- Source records
# # # # #
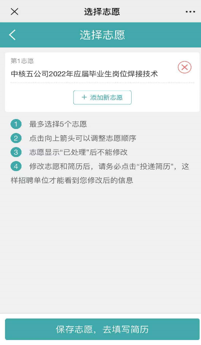 2、 选择志愿,填写简历
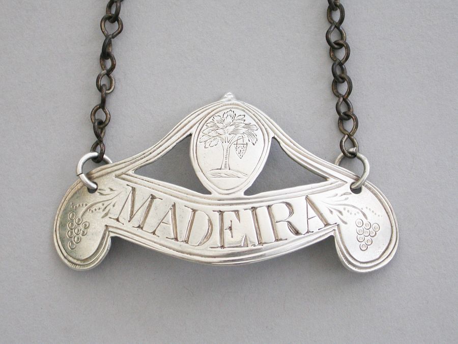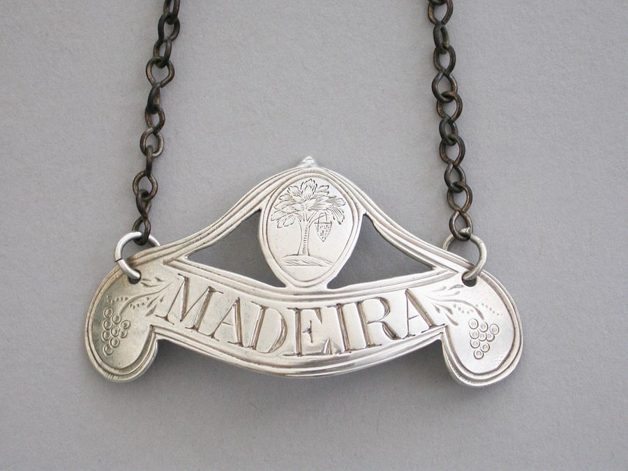 George III Crested Silver Double Scroll Shaped Wine Label 'Madeira' Waller Family
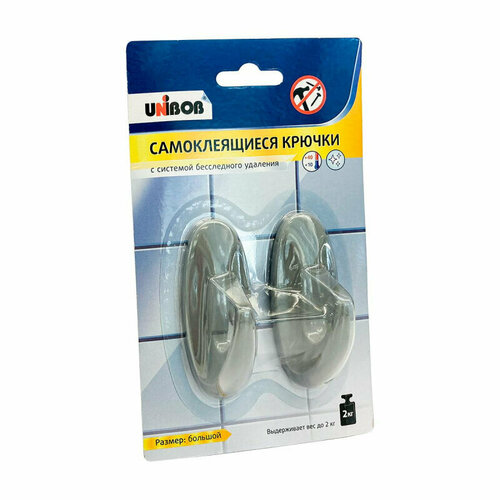 Unibob Крючок самоклеющиеся, серые, с системой бесследного удаления, 2 шт в упаковке, 2 уп. серый
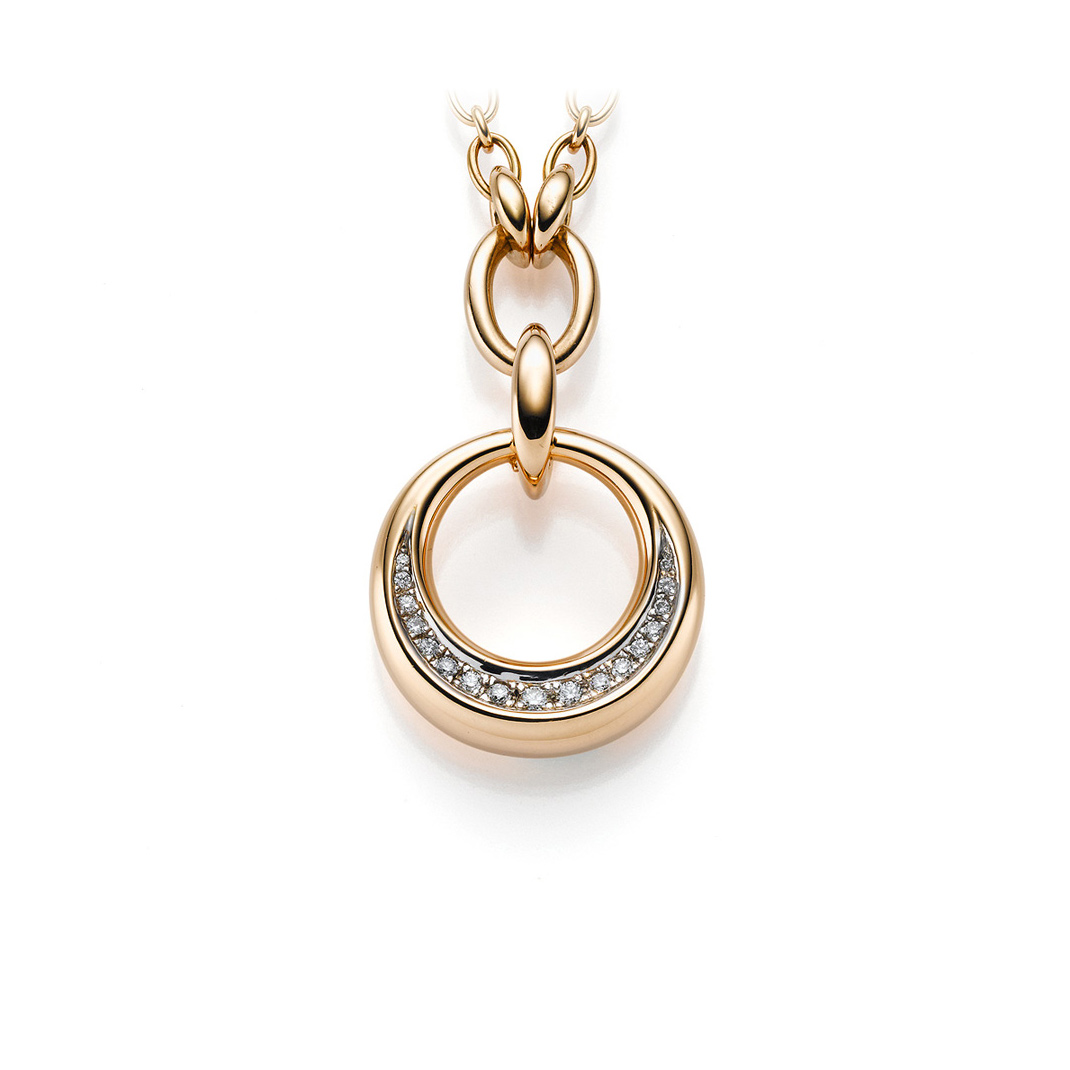 Klassischer Halsschmuck mit fein weißen Diamanten im runden Brillantschliff. Ein stilvoller, ringförmiger Anhänger, gearbeitet aus warmem Roségold 750/-, verhilft den halbmondförmig angeordneten, fein weißen Edelsteinen zu edlem Glanz. Preis inklusive massiv und hochwertig verarbeiteter Gliederkette aus 18 Karat Roségold.
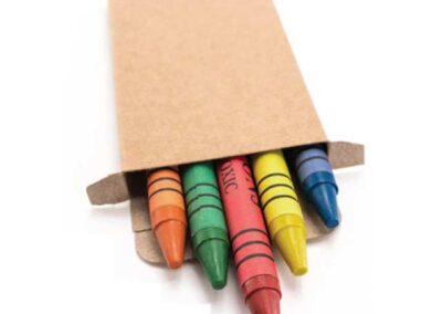Set of 6 crayons in natural cardboard box. With cylindrical body in varied colors. Including crayons in 6 colors
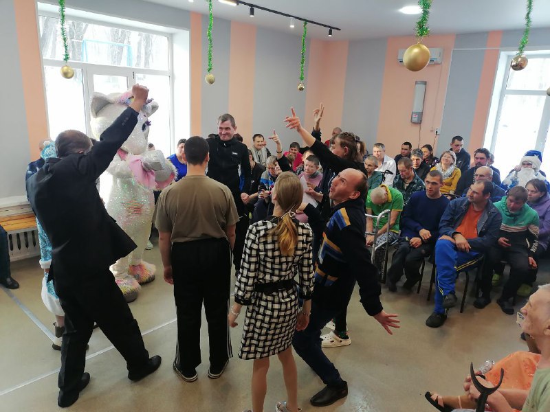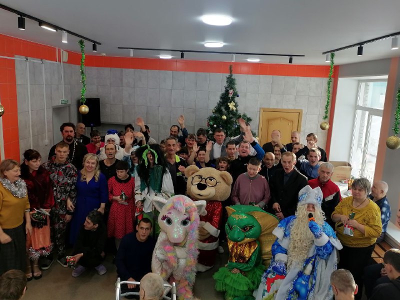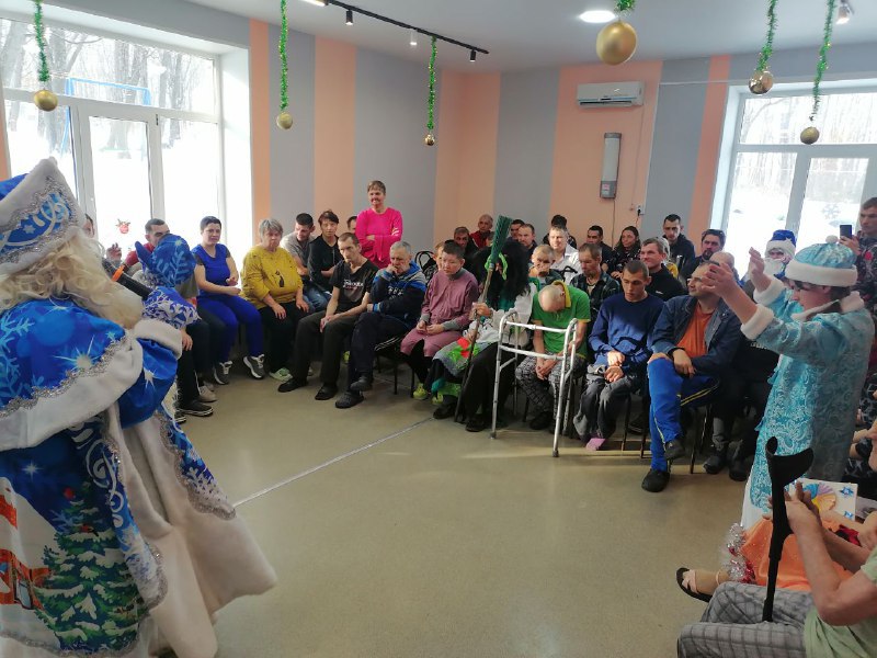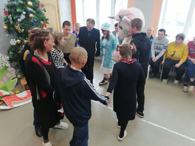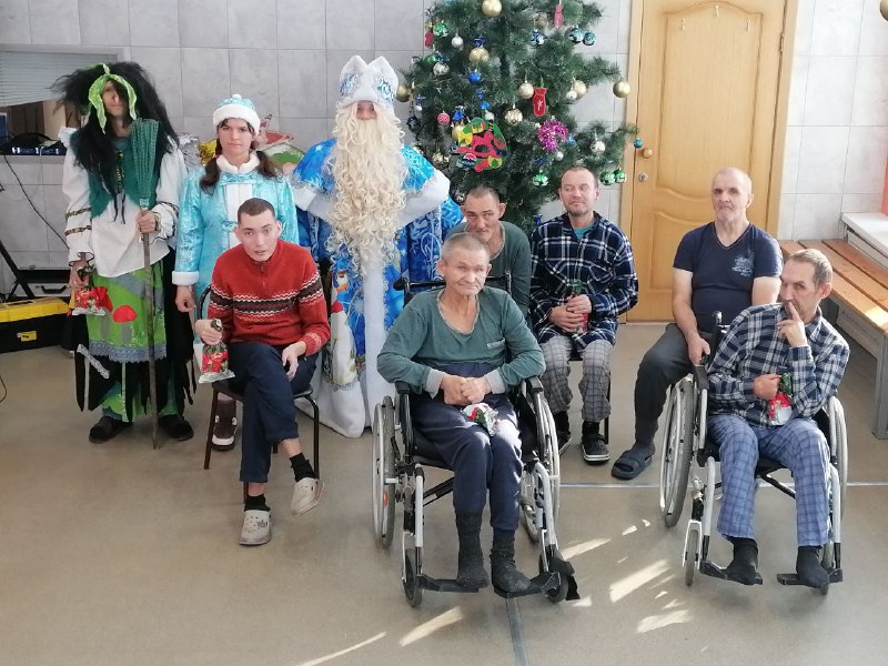 31 декабря 2025 года с наступающим Новым годом, получателей социальных услуг приехало поздравить праздничное агентство «Империя праздника». Дед Мороз и ростовые куклы (символ уходящего года Змея Шушера, Мышонок Пи, символ наступающего года Лошадка Поня и др.сказочные персонажи) устроили для проживающих праздник с дискотекой и конкурсами. Своё песенное мастерство, показали и проживающие интерната, исполнив песни собственного сочинения, а также советских и российских исполнителей. Весь праздник прошел для проживающих в атмосфере веселья, добра и танцевального настроения!
# # # # #
- What is expected
Give back the material above exactly, but without its images.

- Solved exercise
 2、 选择志愿,填写简历
 George III Crested Silver Double Scroll Shaped Wine Label 'Madeira' Waller Family
 Unibob Крючок самоклеющиеся, серые, с системой бесследного удаления, 2 шт в упаковке, 2 уп. серый
 Klassischer Halsschmuck mit fein weißen Diamanten im runden Brillantschliff. Ein stilvoller, ringförmiger Anhänger, gearbeitet aus warmem Roségold 750/-, verhilft den halbmondförmig angeordneten, fein weißen Edelsteinen zu edlem Glanz. Preis inklusive massiv und hochwertig verarbeiteter Gliederkette aus 18 Karat Roségold.
Set of 6 crayons in natural cardboard box. With cylindrical body in varied colors. Including crayons in 6 colors
 31 декабря 2025 года с наступающим Новым годом, получателей социальных услуг приехало поздравить праздничное агентство «Империя праздника». Дед Мороз и ростовые куклы (символ уходящего года Змея Шушера, Мышонок Пи, символ наступающего года Лошадка Поня и др.сказочные персонажи) устроили для проживающих праздник с дискотекой и конкурсами. Своё песенное мастерство, показали и проживающие интерната, исполнив песни собственного сочинения, а также советских и российских исполнителей. Весь праздник прошел для проживающих в атмосфере веселья, добра и танцевального настроения!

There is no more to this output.